# The Messed Up Thread Lament



## RoxyBlue (Oct 6, 2008)

Inspired by actual events.......


----------



## debbie5 (Mar 2, 2007)

Hahhahahahaa! You nut!


----------



## Dark Angel 27 (Sep 11, 2008)

roxy, you are a riot! can't wait for haunti to see it!


----------



## TheOneAndOnlyKelly (May 7, 2009)

That's quite the irish brogue you have there, Roxy...


----------



## Hauntiholik (May 17, 2006)

You're the best Roxy


----------



## RoxyBlue (Oct 6, 2008)

Even a zombie knows Haunti is the go-to girl when it comes to computers

Although I have some Irish blood in me, my speaking (and singing) voice is totally Midwestern neutral.
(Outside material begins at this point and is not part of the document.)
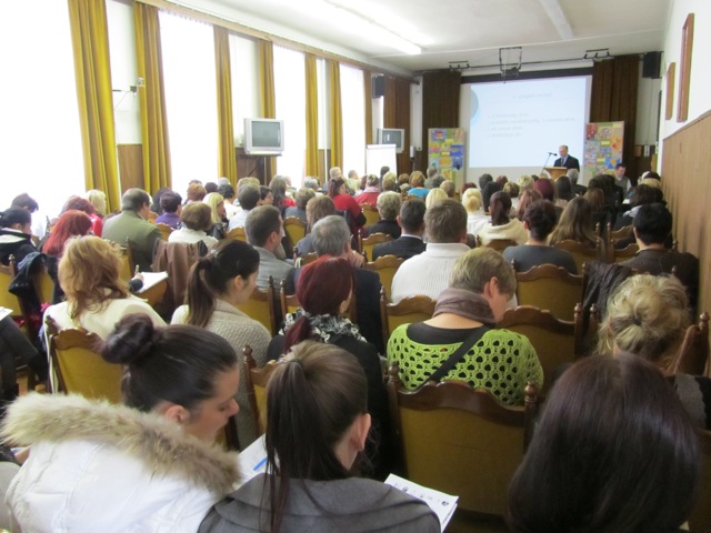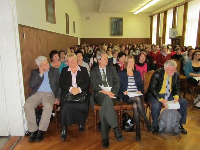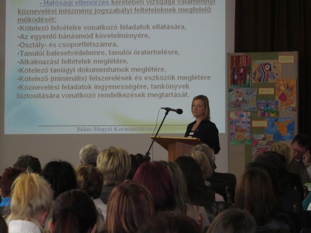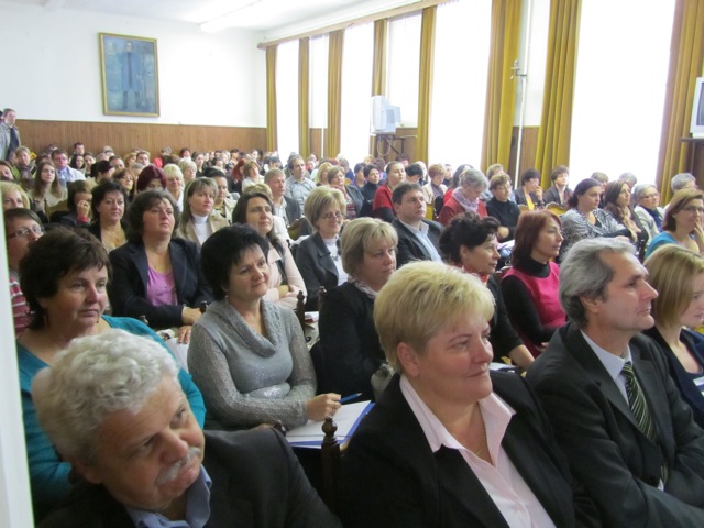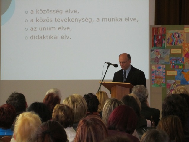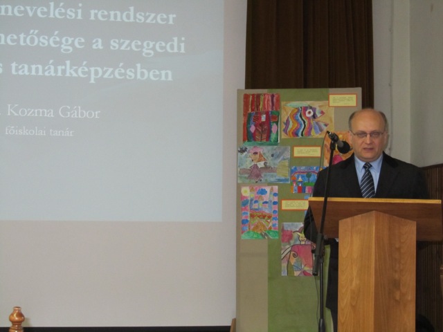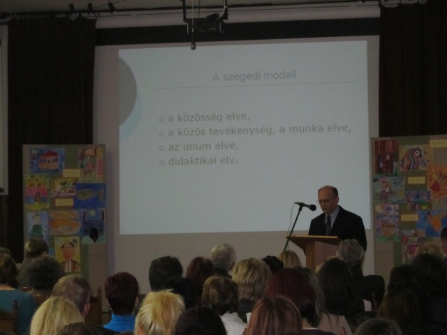 Dr. Lipcsei Imre dékán, főiskolai tanár Békés megye megjelent pedagógusait utoljára köszöntötte, mint a SZIE ABPK vezetője, és köszöntőjében megfogalmazta, hogy a 2014. január 1-től a Szeged-Csanádi Egyházmegye fenntartásában működő Gál Ferenc Főiskola karaként, változatlanul kiemelten fontosnak tartja, hogy hatékony párbeszéd legyen a gyakorlat és a tudományos munka között. A jó köznevelés, jó pedagógusképzésen nyugszik, és a folyamatos képzés, önképzés, ami erősebbé teheti a pedagógus pálya szakmai tartását. A dékáni köszöntőt követően Dr. Kozma Gábor rektor, főiskolai tanár köszöntötte a konferencia több mint százötven fős közönségét, és mint házigazda, örömét fejezte ki, hogy a szarvasi pedagógusképző hagyományok gazdagodnak, hiszen szeptember óta a Gál Ferenc Főiskolának intézménye van Szarvason, és januártól a szarvasi óvó- és tanítóképzés is a keresztényi pedagógia szellemében folytathatja munkáját, a régió főiskolájává váló Gál Ferenc Főiskola szervezeti keretein belül. Nyitóelőadásban egy valódi innovációs modellt ismerhetett meg a hallgatóság, Egy képzési-nevelési rendszermodell lehetősége a szegedi katolikus tanárképzésben című előadásban. Az előadás kiemelte a keresztényi pedagógiai vonatkozásait, érzékeltetve a felsőoktatás érzékenységét a köznevelésben zajló folyamatok iránt. Az előadás nagyívűségét a moderátor a Kisherceg szerzőjének egy gondolatával összegezte, mely azt fogalmazza meg, „ha hajót akarsz építeni, akkor ne azzal kezd, hogy munkásokat toborzol és fát gyűjttetsz velük, szerszámokat adsz nekik és kiosztod a feladatokat, hanem keltsd fel bennük az olthatatlan vágyat, a végtelen tenger iránt.” A következő plenáris előadást Dr. Hegedűs Gábor ny.főiskolai tanár a Projektpedagógiai Társaság elnöke tartotta, A projektpedagógia a gyakorlatban címmel. A nyitóelőadás és a plenáris előadás elemeiben, amely a projektpedagógiai metodikáját illeti, több „összekacsintás” volt fellelhető, amelyek egymást erősítették, és jó hangulatú szakmai megalapozói voltak a későbbi szekciómunkáknak. Hrabovszki Mihály a Békés Megyei Pedagógiai Intézet mb. igazgatója, aki házigazdaként is köszöntötte Békés megye óvodapedagógusait, tanítóit, tanárait, intézményvezetőit, előadásában bemutatta a szaktanácsadói és tantárgygondozói rendszer kiépítését, kiépülését Békés megyében. Az előadás magyarázta, és rendszer szinten mutatta be a szaktanácsadói struktúra működését, kiépülését, és aktuális adatokkal, információkkal szolgált Békés megyét illetően. Dr. Malatyinszki Anita a Békés Megyei Kormányhivatal Oktatási Főosztályának főosztályvezető-helyettese, az intézmények működésének ellenőrzési gyakorlatát mutatta be. Előadása az „Ellenőrzés szó” finomítását is elvégezte, hiszen a folyamatos segítség lehetőségét és a pártoló odafigyelést erősítette a hallgatóságban. Takács Péterné, az Apáczai Kiadó értékesítési- és marketing igazgatója, a készülődő tankönyvi újításokat vette lajtsromba, és mint a konferencia egyik fő támogatója, ajánlotta a hallgatóság figyelmébe tankönyvkínálatukat. A konferencia hat szekcióban folytatta munkáját. Az óvodapedagógusok szekciójában projekttervezés az óvodában témakörben Faggyas Jánosné és Fabóné Nagy Andrea szakvezető óvodapedagógusok irányításával folyt a munka. Az erkölcstan, mint „új„ tantárgy bevezetésének tapasztalataival, gyakorlati módszertani kérdéseivel foglalkoztak az erkölcstant tanító tanítók és tanárok, Bíró Gyula igazgató, szaktanácsadó, vezető tanár irányításával. Pomázi Imréné igazgató-szaktanácsadó, a jászberényi SZIE Gyakorló Általános Iskola és Gimnázium vezetője iskolaigazgatóknak és óvodavezetőknek mutatta be a pedagógusok értékelésének, és minősítésének gyakorlatát, a pedagógus életpálya rendszerében elhelyezve, a pilot programok eddigi eredményeinek tükrében. A negyedik szekcióban bemutató tanításon vehettek részt a pedagógusok, a GFF Gyakorlóintézményének harmadik osztályában, Lestyán Erzsébet főiskolai tanársegéd irányításával, ahol a differenciált tanulásszervezés finomságait élőben is láthatták, tapasztalhatták, és elemezhették a résztvevők. A matematikát tanító tanítók és tanárok szekciójában Dr. Hegedűs Gábor a diszkalkulia és a matematika tanítás „viszonyát” és helyzetét mutatta be, megoldási javaslatokat láttatva a témával kapcsolatban. A pedagógiai szakszolgálat működése, feladata témában Csepregi András a Békés Megyei Pedagógiai Szakszolgálat mb. főigazgatójának témavezetésével szerveződött a konferencia hatodik szekciója, ahol gyógypedagógusok és fejlesztőpedagógusok cserélhettek eszmét, juthattak információhoz. A rendezvény ideje alatt az Apáczai Kiadó tankönyvreferense mutatta be és nyújtott információt a forgalomban lévő és folyamatosan készülő tankönyvi kínálatról. A konferencia másik fő támogatója a Korona Étterem látta vendégül a konferencia résztvevőit.

This little ditty just seemed to call for something a bit different:jol:


----------



## beelce (Jul 21, 2007)

Roxy....I still love you


----------



## Spooklights (Jul 4, 2006)

Roxy, that's pure genius. I needed a laugh today, and there it was. :lolkin:


----------



## RoxyBlue (Oct 6, 2008)

Beelce, you're a total sweetie

Glad I was able to entertain you good people. That makes me smile


----------



## Spooky1 (Aug 25, 2008)

Does this mean Haunti will be fixing all broken threads?


----------



## Hauntiholik (May 17, 2006)

Spooky1 said:


> Does this mean Haunti will be fixing all broken threads?


All of them? That's a full time job


----------



## Hauntiholik (May 17, 2006)

I have that tune as an ear worm now.


----------



## RoxyBlue (Oct 6, 2008)

^My evil plan has been revealed - mwahahahaha!


----------



## RoxyBlue (Oct 6, 2008)

Update - I've replaced the original Photobucket video in the first post with a newly edited, YouTube accessible version of the slideshow. I added a few slides and the timing of the pictures with the lyrics is much better now.
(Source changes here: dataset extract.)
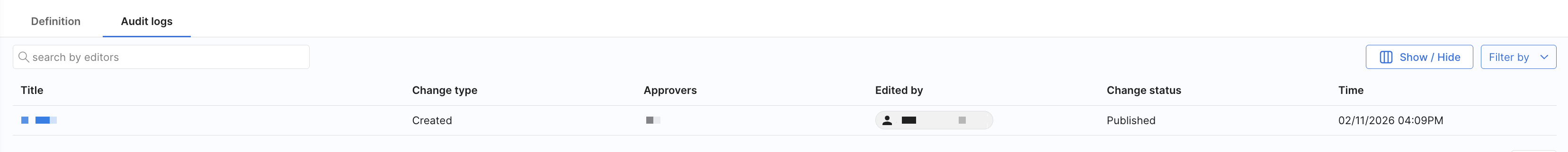 After saving, your changes are recorded in the Audit logs tab.

And yes, I really should be doing something more constructive with my time:googly:


----------



## BioHazardCustoms (Aug 5, 2009)

That's awesome! LOL made my day.


----------



## Hairazor (Mar 13, 2012)

That brought a big smile, thanks


----------



## Evil Queen (Mar 8, 2008)

That was darned cute Roxy.


----------



## MommaMoose (May 15, 2010)

Definitely brought a smile! That was so cute Roxy.


----------